*** Opening of Material for the task ***

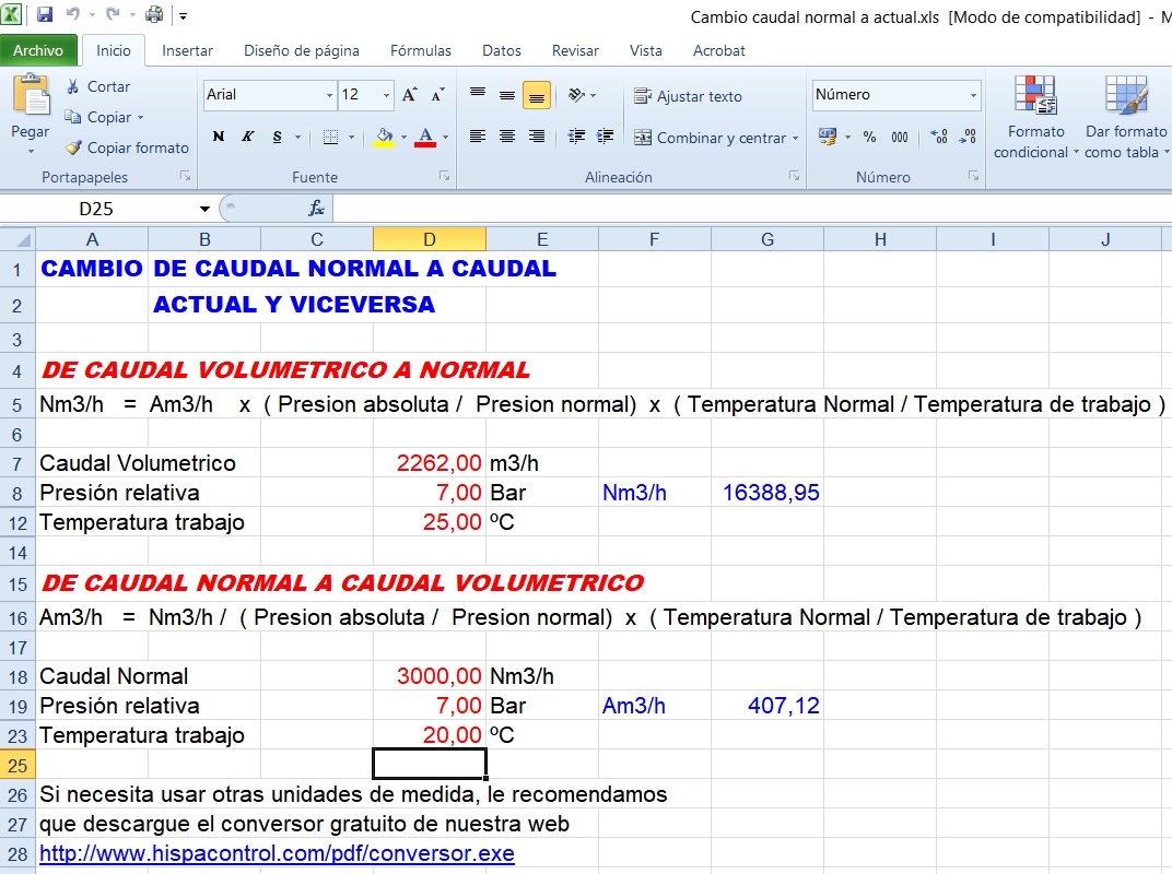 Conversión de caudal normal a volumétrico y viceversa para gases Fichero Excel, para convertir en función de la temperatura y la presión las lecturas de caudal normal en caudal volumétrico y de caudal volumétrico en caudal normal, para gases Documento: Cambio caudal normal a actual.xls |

*** Close of Material for the task ***
*** Opening of Material for the task ***

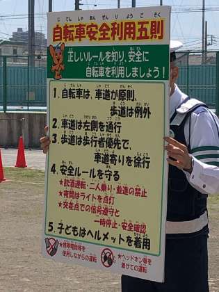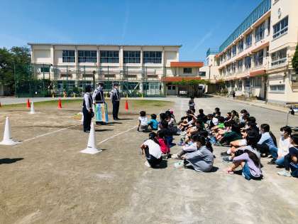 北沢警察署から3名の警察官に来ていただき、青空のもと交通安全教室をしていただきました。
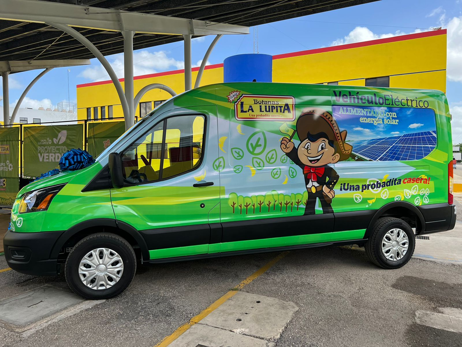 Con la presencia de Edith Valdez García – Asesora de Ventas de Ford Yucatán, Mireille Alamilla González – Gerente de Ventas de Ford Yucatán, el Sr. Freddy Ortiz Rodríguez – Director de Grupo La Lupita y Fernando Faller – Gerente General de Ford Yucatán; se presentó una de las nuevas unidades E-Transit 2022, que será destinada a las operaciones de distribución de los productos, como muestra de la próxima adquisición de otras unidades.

*** Close of Material for the task ***

## Task details
Both the line above containing "北沢警察署から3名の警察官に" and the line containing "Con la presencia" belong in the copy, along with every line between them; print these exactly and omit the pictures.

## Result
 北沢警察署から3名の警察官に来ていただき、青空のもと交通安全教室をしていただきました。
 Con la presencia de Edith Valdez García – Asesora de Ventas de Ford Yucatán, Mireille Alamilla González – Gerente de Ventas de Ford Yucatán, el Sr. Freddy Ortiz Rodríguez – Director de Grupo La Lupita y Fernando Faller – Gerente General de Ford Yucatán; se presentó una de las nuevas unidades E-Transit 2022, que será destinada a las operaciones de distribución de los productos, como muestra de la próxima adquisición de otras unidades.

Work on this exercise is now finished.